MidoAssran commented 3 years ago

Hi @priyamdey,

  1. The config file is correct, but the cifar10 models are fine-tuned with src/snn_fine_tune.py and evaluated with snn_eval.py
  2. This is just a subtlety of the variable naming, since the validation set is a subset of the train set. This line here tells the model to use the validation set, not the train set.
priyamdey commented 3 years ago

Ah ok. Thanks for the clarification!

priyamdey commented 3 years ago

Sorry, maybe I got a bit confused here. In the appendix of the paper, under the section of "Fine-tuning details", the following is mentioned: Following [1], we fine-tune a linear classifier from the first layer of the projection head in the pretrained encoder fθ, and initialize the weights of the linear classifier to zero. Specifically, we simultaneously fine-tune the encoder/classifier weights by optimizing a supervised cross-entropy loss on the small set of available labeled samples.

As you mentioned out that for fine-tuning, src/snn_fine_tune.py script is used.
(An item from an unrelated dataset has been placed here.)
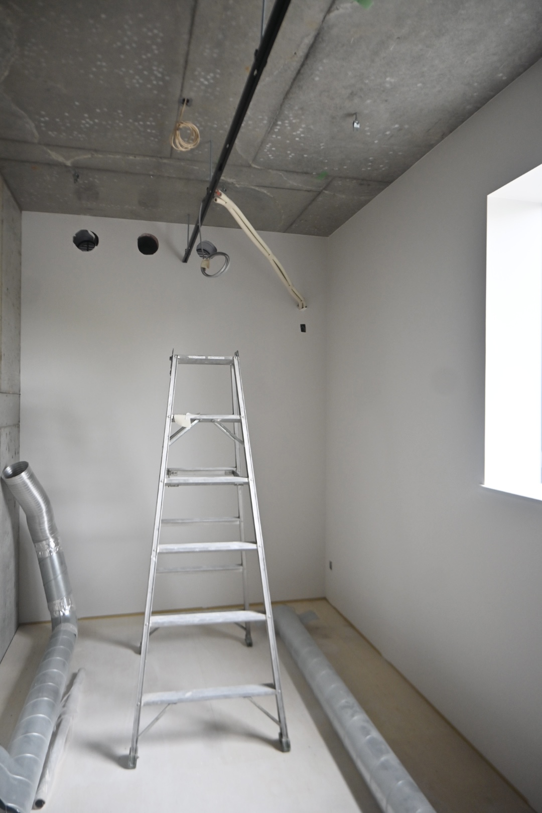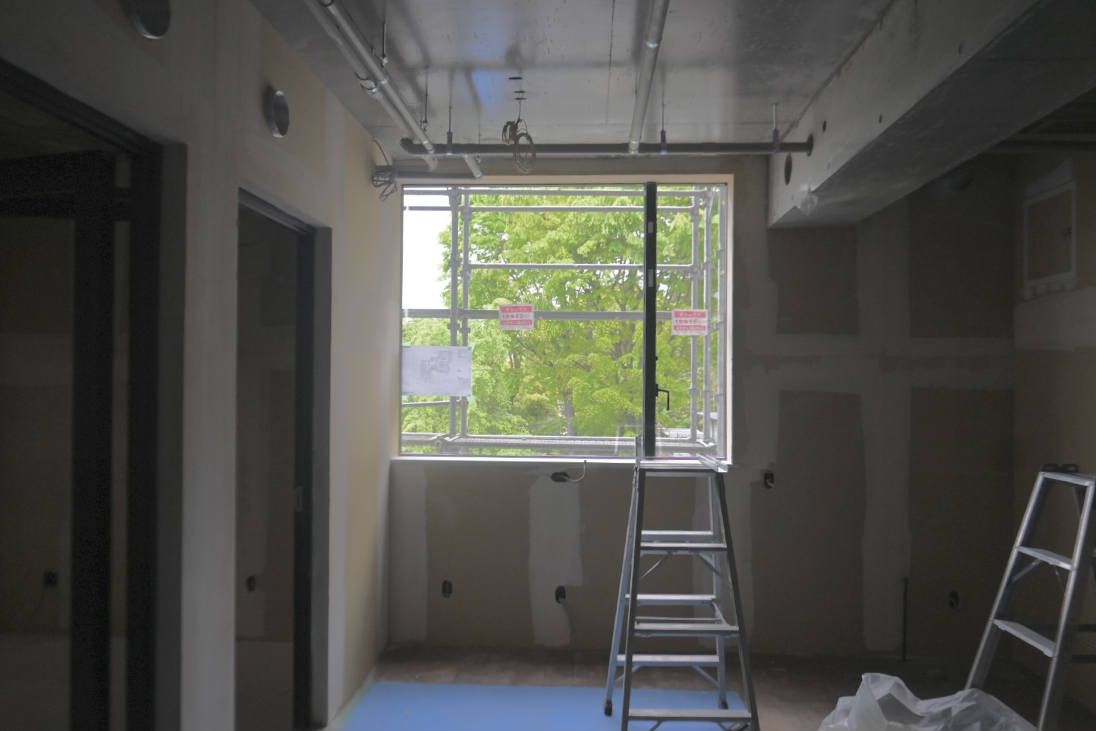シェアハウス部分の写真です。完成まではまだしばらくかかりますが、打ちっぱなしの壁と真っ白の壁紙、大きな窓から差し込む光とのコントラストですでに美しい佇まいです。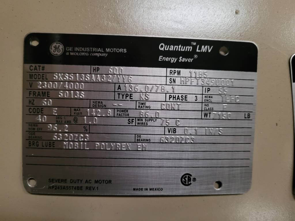 600 HP, 1200 RPM, GE, FRAME 5013S, BBTEFC, 2300/4000V, NEW, (2)

However, I see suncet loss and 3-layer MLP as the projection head being used in that script. src/fine_tune.py has the right loss (CE) and MLP (1-layer followed by linear clf) based on what is mentioned in the appendix.

MidoAssran commented 3 years ago

Yes that's true for ImageNet. But for CIFAR10 we just do nearest-neighbours classification/fine-tuning (see appendix C)

priyamdey commented 3 years ago

Oh I see. I missed that. Now it's clear. Thank you for pointing that out!